What the exercise asks – The lines below, from the one containing "Сверло EDGE by" through the one containing "まずはじめに背負って思ったの", should be set down exactly, with no pictures and nothing else.

□ □ □ □ □ □ □

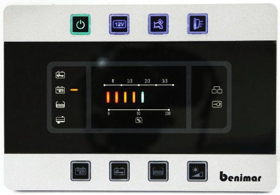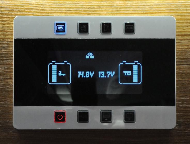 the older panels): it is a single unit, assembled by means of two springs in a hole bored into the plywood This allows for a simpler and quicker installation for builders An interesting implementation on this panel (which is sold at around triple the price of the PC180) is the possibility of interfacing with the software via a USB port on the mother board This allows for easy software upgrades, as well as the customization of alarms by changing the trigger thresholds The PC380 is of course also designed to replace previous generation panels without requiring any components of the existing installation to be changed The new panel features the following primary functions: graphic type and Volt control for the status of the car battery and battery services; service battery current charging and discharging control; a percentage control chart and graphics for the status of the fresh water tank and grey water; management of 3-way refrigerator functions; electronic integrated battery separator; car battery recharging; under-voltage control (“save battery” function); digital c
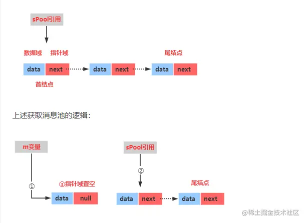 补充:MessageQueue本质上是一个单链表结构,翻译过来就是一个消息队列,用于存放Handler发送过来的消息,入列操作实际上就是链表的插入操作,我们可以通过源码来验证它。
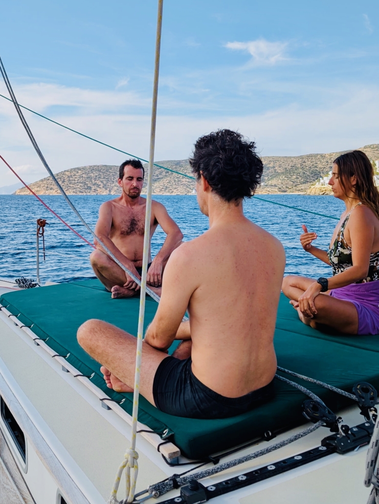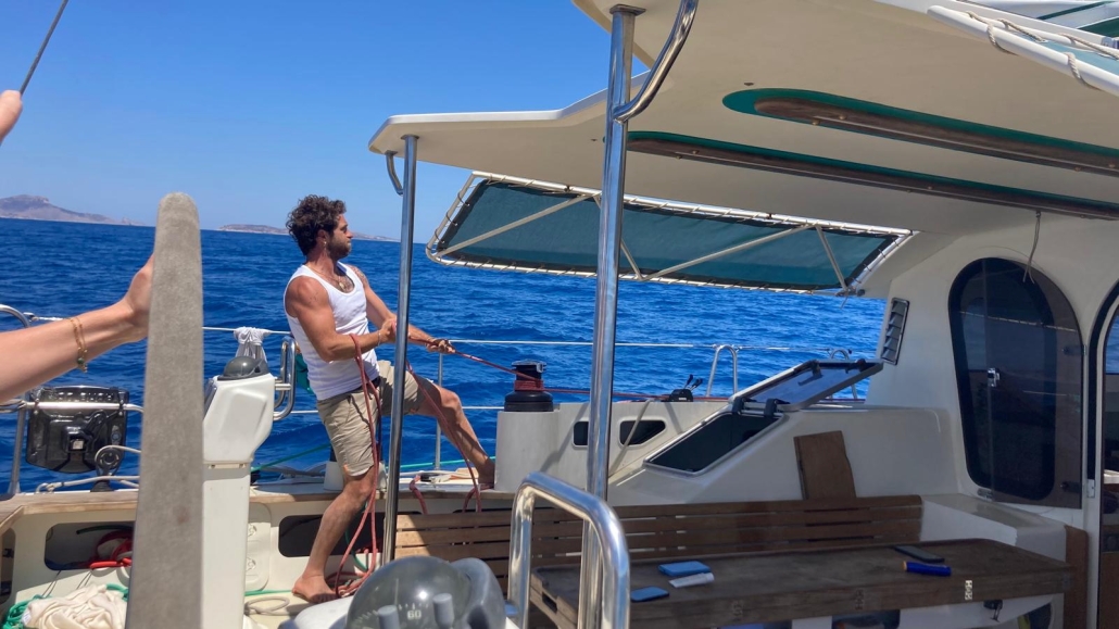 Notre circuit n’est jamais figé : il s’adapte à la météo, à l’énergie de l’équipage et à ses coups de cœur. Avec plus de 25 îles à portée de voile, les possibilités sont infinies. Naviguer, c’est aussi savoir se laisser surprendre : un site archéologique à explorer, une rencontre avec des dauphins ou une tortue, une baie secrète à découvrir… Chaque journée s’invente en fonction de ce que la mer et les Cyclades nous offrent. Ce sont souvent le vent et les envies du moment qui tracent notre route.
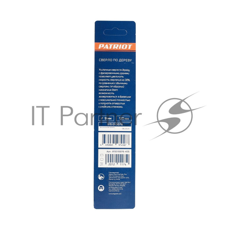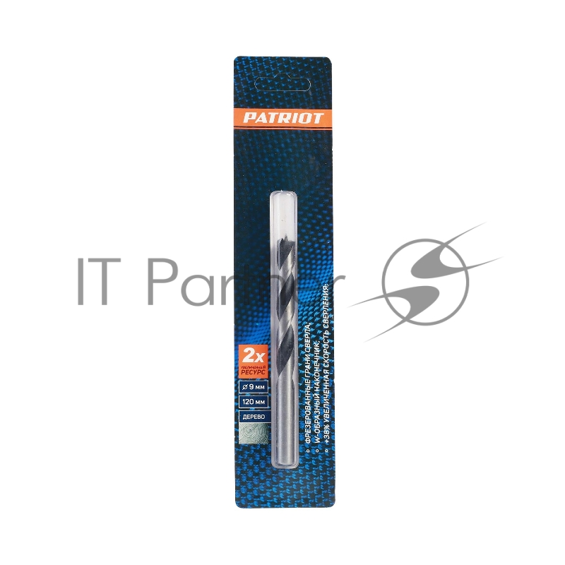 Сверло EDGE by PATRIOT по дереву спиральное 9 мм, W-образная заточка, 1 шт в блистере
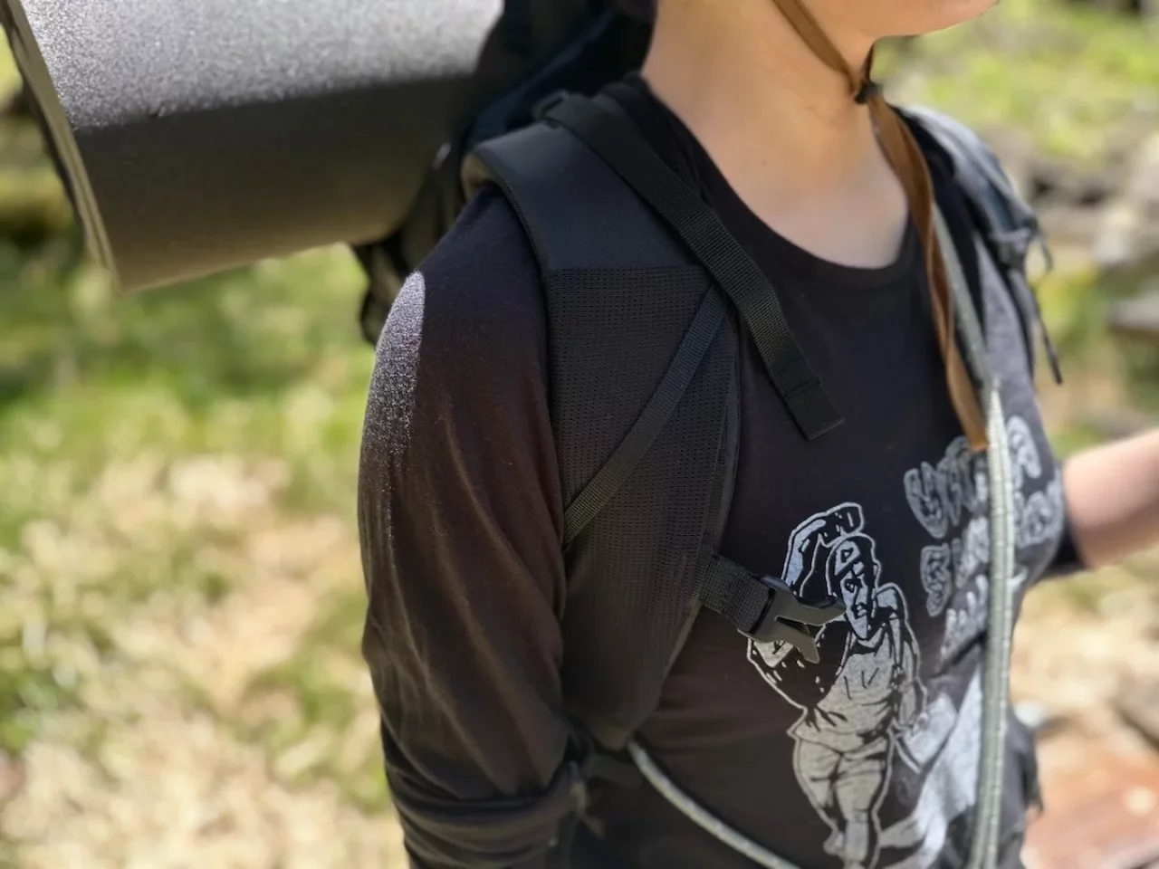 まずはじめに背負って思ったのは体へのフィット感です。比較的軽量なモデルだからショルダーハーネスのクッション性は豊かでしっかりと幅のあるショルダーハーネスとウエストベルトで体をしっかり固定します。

□ □ □ □ □ □ □

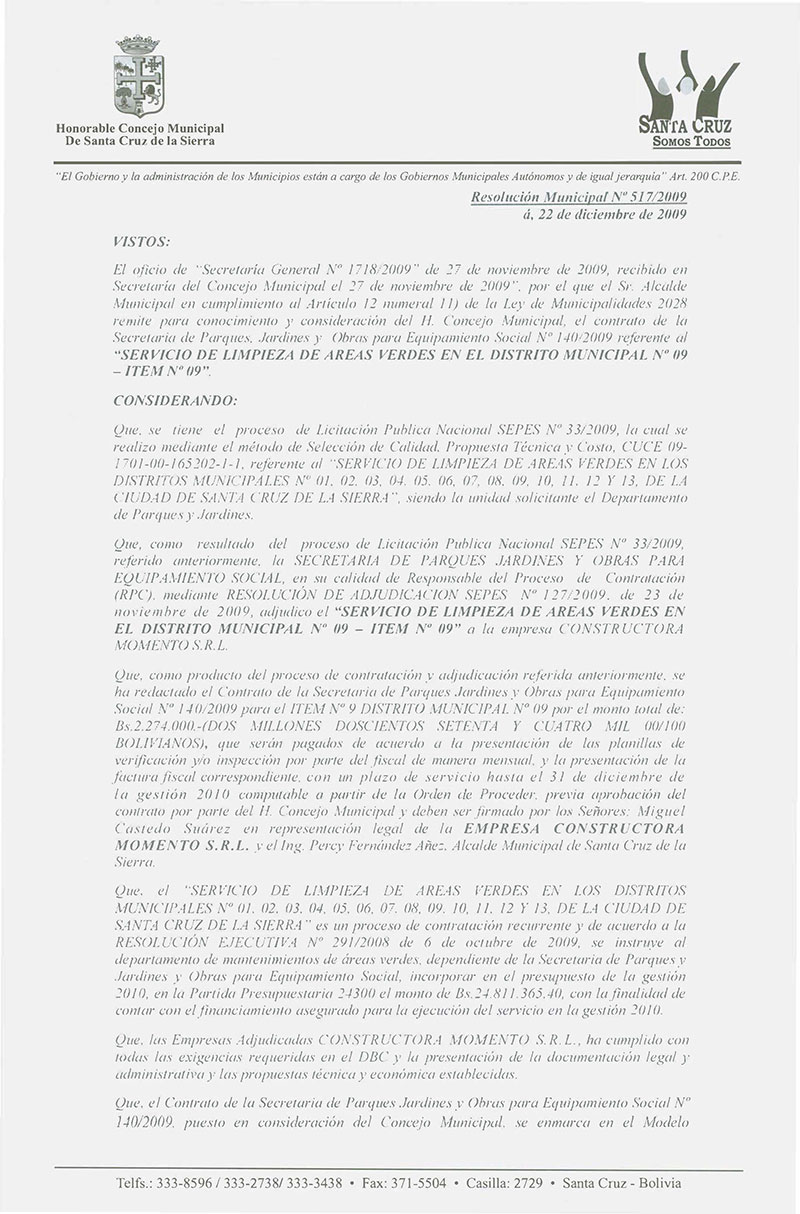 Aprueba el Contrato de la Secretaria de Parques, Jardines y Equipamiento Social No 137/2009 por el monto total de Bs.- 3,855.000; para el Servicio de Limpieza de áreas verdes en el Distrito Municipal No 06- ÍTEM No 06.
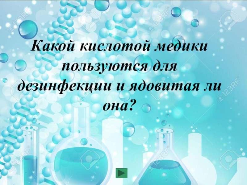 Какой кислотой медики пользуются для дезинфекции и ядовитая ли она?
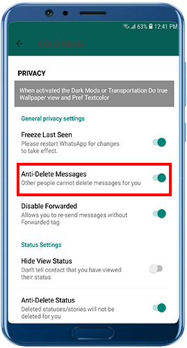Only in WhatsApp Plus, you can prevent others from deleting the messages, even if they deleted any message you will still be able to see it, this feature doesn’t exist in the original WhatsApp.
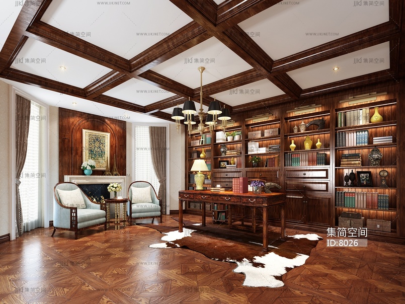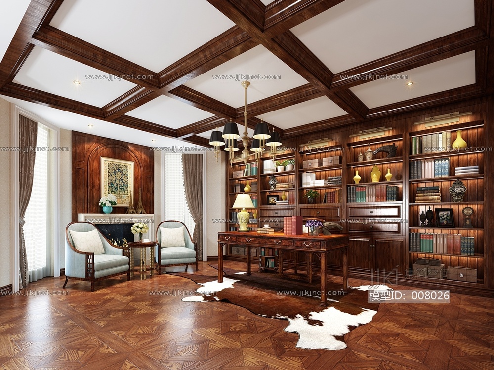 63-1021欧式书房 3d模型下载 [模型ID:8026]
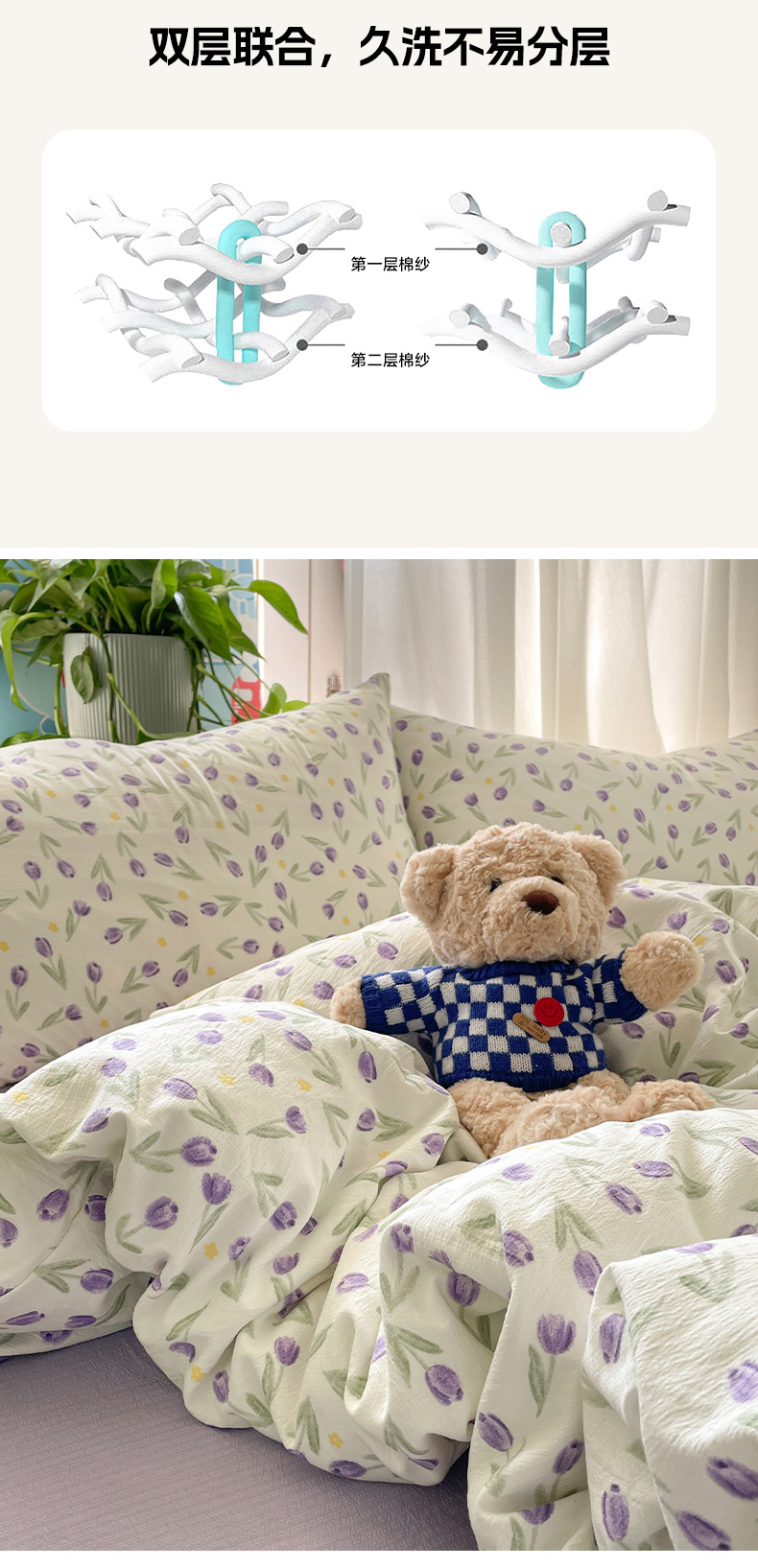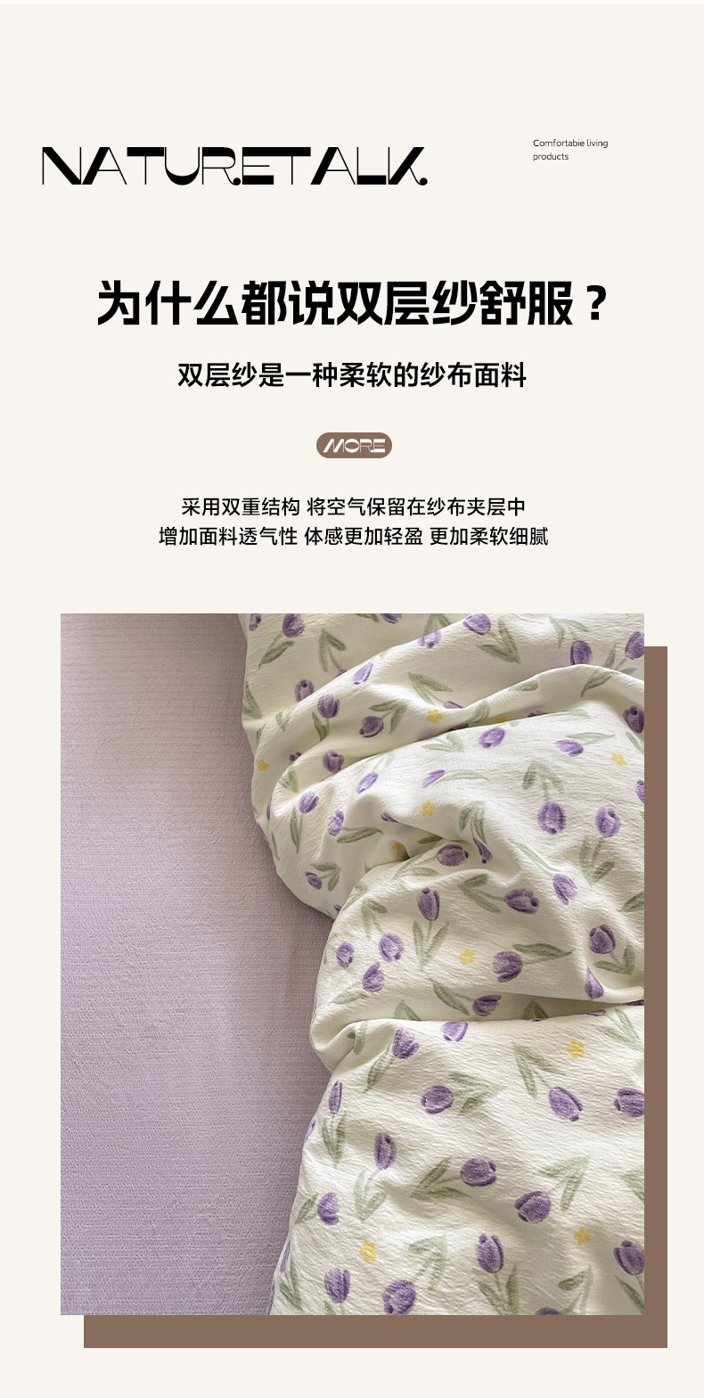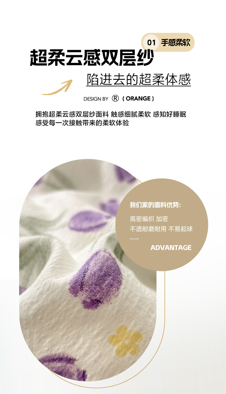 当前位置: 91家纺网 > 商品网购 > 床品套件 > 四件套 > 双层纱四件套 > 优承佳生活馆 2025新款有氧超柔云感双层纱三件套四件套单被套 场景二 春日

□ □ □ □ □ □ □

Written solution –
 Сверло EDGE by PATRIOT по дереву спиральное 9 мм, W-образная заточка, 1 шт в блистере
 まずはじめに背負って思ったのは体へのフィット感です。比較的軽量なモデルだからショルダーハーネスのクッション性は豊かでしっかりと幅のあるショルダーハーネスとウエストベルトで体をしっかり固定します。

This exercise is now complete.